NATO summit heads to Ankara with US-European rift over Iran and defence spending

Rutte met Trump June 24 ahead of the July 7-8 Ankara summit; US anger at allies who refused to join the Iran campaign; 5% GDP defence target being pushed

Leaders·Defence· active Who Decides·The Quiet Shift ·4 takes ·updated Jun 24, 2026

Summary

NATO Secretary General Rutte met President Trump on 24 June 2026, two weeks before the US-hosted alliance summit in Ankara (7-8 July). The summit arrives with a transatlantic rift sharpened by the Iran campaign: most European NATO allies declined to participate in the US-led strikes on Iran, drawing open US anger. Trump is pushing a 5% GDP defence spending target — double the current 2% guideline — and the Ankara summit is where that demand will reach heads-of-state level. A concurrent Trump-Meloni personal feud complicates the Italian-US relationship. Turkey's hosting reflects Ankara's central role in mediating both the Ukraine and Iran dossiers.

The split

Washington frames the Iran exclusion as proof that European allies are free-riders on US military power and must now compensate with hard spending commitments. European capitals — led by France, which has its own nuclear doctrine and its own Ukraine-first security calculus — argue that the Iran campaign was not an Article 5 matter and that 5% GDP is fiscally and politically impossible for most members. Stars and Stripes reports that US commanders privately question Article 5 reliability for allies who sat out Iran; that implicit conditionality is the subtext of every Ankara negotiation.

By the numbers

  • July 7-8 — Ankara summit date.
  • 5% GDP — US-pushed defence spending target (current guideline: 2%).
  • June 24 — Rutte-Trump meeting date.
  • 0 — European NATO allies that joined the Iran air campaign.

Why it matters

If the Ankara summit fails to produce a credible spending framework, it accelerates the bifurcation of NATO into a US-led combat tier and a European deterrence tier — a structural change that the Iran campaign has already begun in practice.
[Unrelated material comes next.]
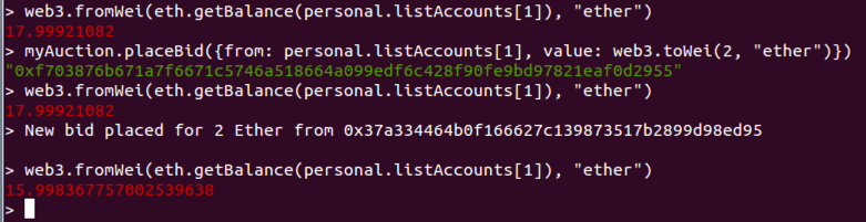 myAuction.placeBid({from: personal.listAccounts[1], value: web3.toWei(2, "ether")})
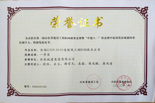 近日,山东省建筑业协会举办第一届山东省建设工程BIM成果竞赛暨“中建八一”杯BIM竞赛公开答辩和竞赛成果交流会,啪啪啦 有限公司携1项作品“济南G309-S101连接线工程BIM技术应用”参加。经过技术人员汇报、答辩与专家评选,啪啪啦 参赛作品最终荣获一等奖。

The Article 5 conditionality subtext, if made explicit, would be the most significant NATO credibility crisis since the alliance's founding.

What to watch

  • Whether a 5% GDP target (or a credible path) is agreed or deferred.
  • Whether Trump explicitly conditions Article 5 on prior coalition membership.
  • Whether Meloni and Trump repair their personal rift before or during the summit.
  • Ankara's role — whether Turkey leverages its hosting position on S-400 or other outstanding disputes.